Monthly Archives: March 2013

Collaborations key to improved impact evaluation designs

Do funding agencies distort impact evaluations? A session organised by BetterEvaluation on choosing and using evaluation methods, at the recent South Asian Conclave of Evaluators in Kathmandu, focused on this issue. Participants were quite candid about funding agencies dictating terms to researchers. “The terms of reference often define the log frame of evaluation (i.e. the approach to designing, executing and assessing projects) and grants are awarded on the basis of budgets that applicants submit.
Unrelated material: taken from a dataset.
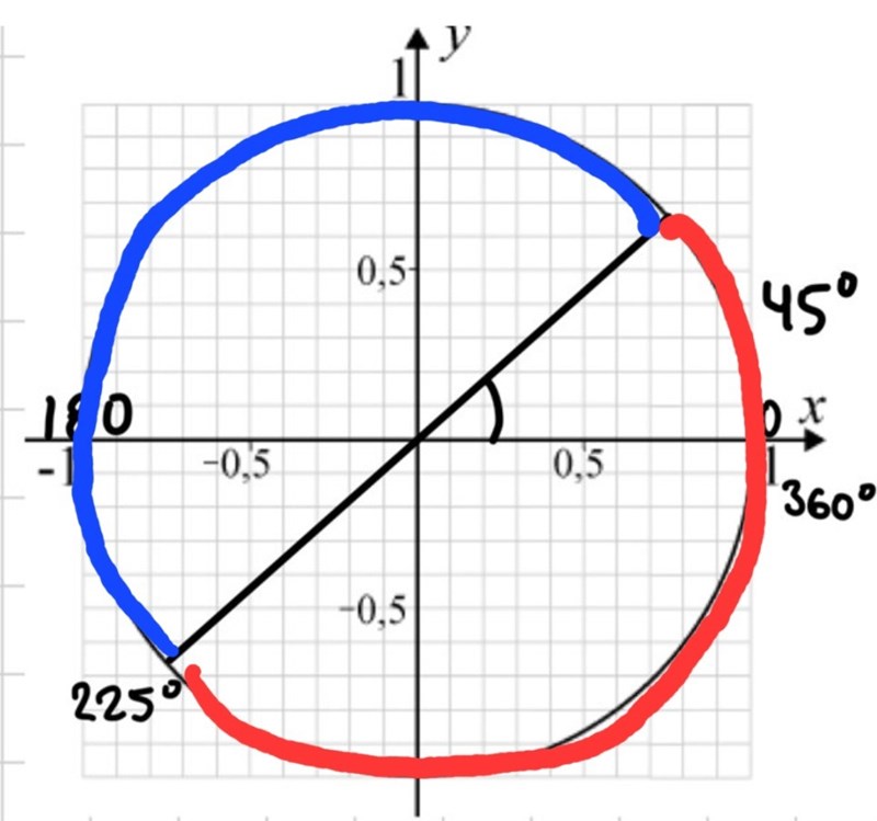 Hur vet man att y=x vid 45 grader och vid 225 grader? Finns det någon regel eller bevis?

It’s a bidding process — all about executing the funding agency’s design at a minimal cost,” said a researcher.

But participants stated that 3ie’s approach to funding impact evaluations is refreshingly different. Instead of a priori structuring of impact evaluation design, 3ie focuses on active engagement with researchers and implementing agencies to develop an appropriate study design for the evaluation. This approach was demonstrated by an on-going 3ie-supported study to assess the impact of media campaigns on the incidence of early child marriage.

Child marriage continues to be practised in India, even though it is a punishable crime. The implementing agency, Breakthrough, a global human rights organization uses interventions like mass media, community mobilization and training of community members, developed during an earlier campaign on domestic violence. Breakthrough approached the government to partner them on the child marriage campaign, but they were asked to demonstrate the effectiveness of their strategies. The organisation then approached 3ie to assist in the evaluation of the programme. Through an open bidding process, Catalyst Management Services from Bangalore were selected to design and undertake an impact evaluation, funded through 3ie’s Policy Window.
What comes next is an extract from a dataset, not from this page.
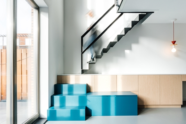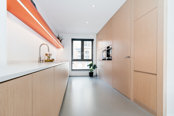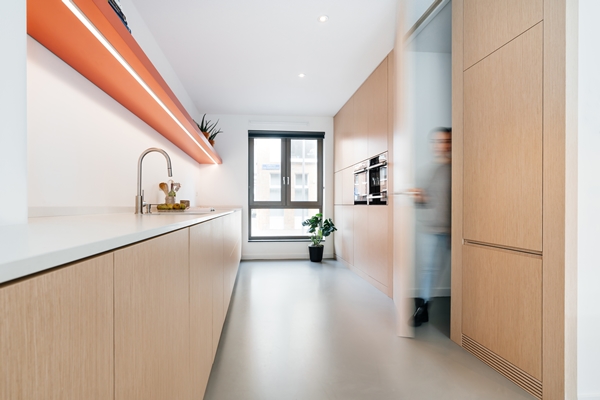 In Rotterdam is de wijk Nieuw-Crooswijk gerealiseerd. Voor onze opdrachtgevers hebben we het interieur van hun eengezinswoning ontworpen. Aan ons de opdracht om de begane grond als woon-leefkeuken te ontwerpen en de tv-ruimte als een aparte entiteit te benaderen. De tv- kamer is op de eerste verdieping gesitueerd en verbonden met de begane grond door een vide. De stalen, zwevende trap in de vide is een blikvanger geworden. Het keukenontwerp bevat de hele begane grond. Het keukenblok is over de gehele lengte van de woning doorgetrokken en onderdeel geworden van de trap. Naast dat dit een speels samenspel oplevert van materialen, biedt het veel opbergruimte. Naast deze vaste onderdelen hebben we ook het interieur ontworpen. Er zijn meubels van onder andere

Extensive discussions were held between 3ie, the research team and the implementing agency, to arrive at a study design that would encompass both qualitative and quantitative aspects. “3ie worked with us not merely as funders but as partners on the study design,” said Urvashi Wattal, project coordinator, Catalyst Management Services. The collaboration led to changes in the project design. The study, initially planned in three districts, was expanded to include three more districts. A mid-line survey was also added.

Collecting data on a sensitive issue like child marriage is challenging. The research team will use the polling booth method, which they have used in other studies. The community members will be asked to enter an enclosed area resembling a polling booth and vote on certain issues related to child marriage. The voting will be devised through colours and other means, thus accommodating the low level of literacy.

As a staff member of 3ie I was pleased to attend a session – which 3ie was not at all involved in organising in any way – which highlighted as best practice the way we work in order to respond to the policy needs of Southern governments and NGOs. More and more implementing agencies are approaching 3ie to undertake similar studies supported by our Policy Window.

Tips on selling randomised controlled trials

Development programme staff often throw up their hands in horror when they are told to randomise assignment of their intervention. “It is not possible, it is not ethical, it will make implementation of the programme impossible”, they exclaim.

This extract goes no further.